----- RECORDS FOR THE TASK -----
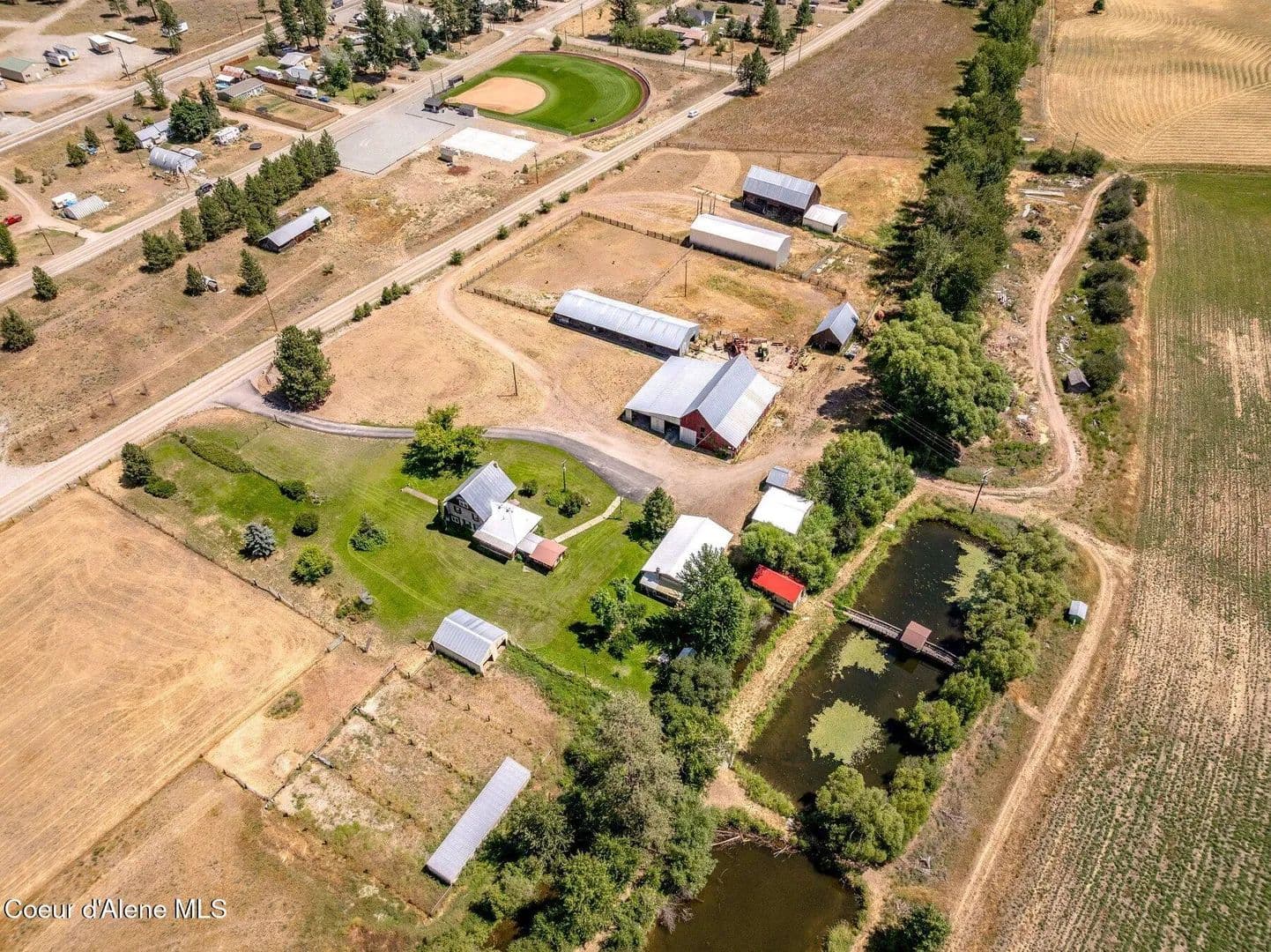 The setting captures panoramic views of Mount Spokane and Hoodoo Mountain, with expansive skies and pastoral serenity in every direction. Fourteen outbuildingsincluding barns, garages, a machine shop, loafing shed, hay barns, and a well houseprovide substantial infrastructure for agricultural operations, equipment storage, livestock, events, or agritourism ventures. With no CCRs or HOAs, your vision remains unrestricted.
-----
----- RECORDS FOR THE TASK -----
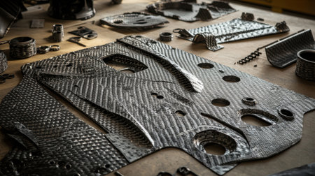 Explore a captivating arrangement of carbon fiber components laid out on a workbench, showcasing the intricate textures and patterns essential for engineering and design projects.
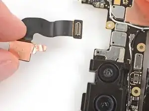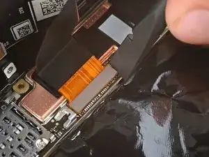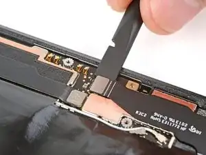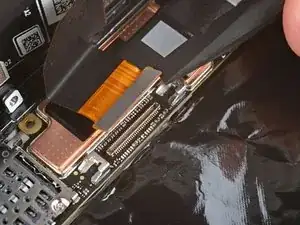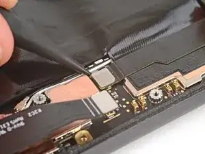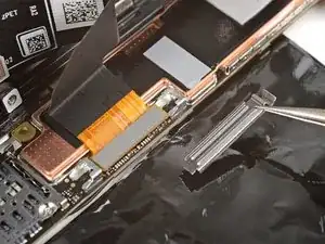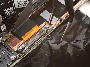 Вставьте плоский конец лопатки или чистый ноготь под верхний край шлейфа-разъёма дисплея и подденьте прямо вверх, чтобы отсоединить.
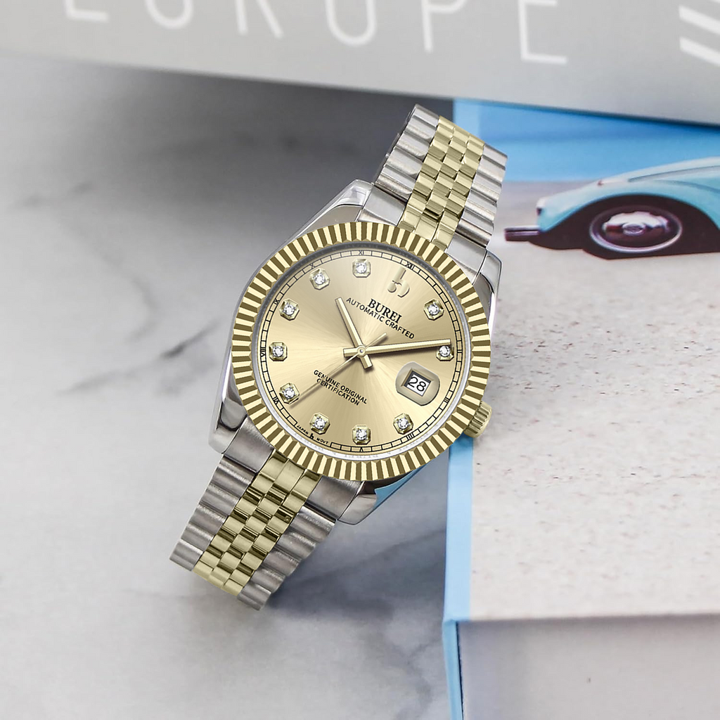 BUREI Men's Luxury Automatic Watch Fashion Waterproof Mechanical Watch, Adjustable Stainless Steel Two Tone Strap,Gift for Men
-----
----- RECORDS FOR THE TASK -----
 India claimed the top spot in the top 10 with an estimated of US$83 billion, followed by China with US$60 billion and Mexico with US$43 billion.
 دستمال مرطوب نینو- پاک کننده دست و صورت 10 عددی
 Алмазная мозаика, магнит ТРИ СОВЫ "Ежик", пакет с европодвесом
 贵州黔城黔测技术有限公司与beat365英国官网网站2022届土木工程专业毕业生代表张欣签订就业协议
-----
## WORK ORDER
Starting with the line that holds "India claimed the" and ending with the line that holds "贵州黔城黔测技术有限公司与b", retype every line in the data above exactly, and nothing else.

## RESPONSE AREA
 India claimed the top spot in the top 10 with an estimated of US$83 billion, followed by China with US$60 billion and Mexico with US$43 billion.
 دستمال مرطوب نینو- پاک کننده دست و صورت 10 عددی
 Алмазная мозаика, магнит ТРИ СОВЫ "Ежик", пакет с европодвесом
 贵州黔城黔测技术有限公司与beat365英国官网网站2022届土木工程专业毕业生代表张欣签订就业协议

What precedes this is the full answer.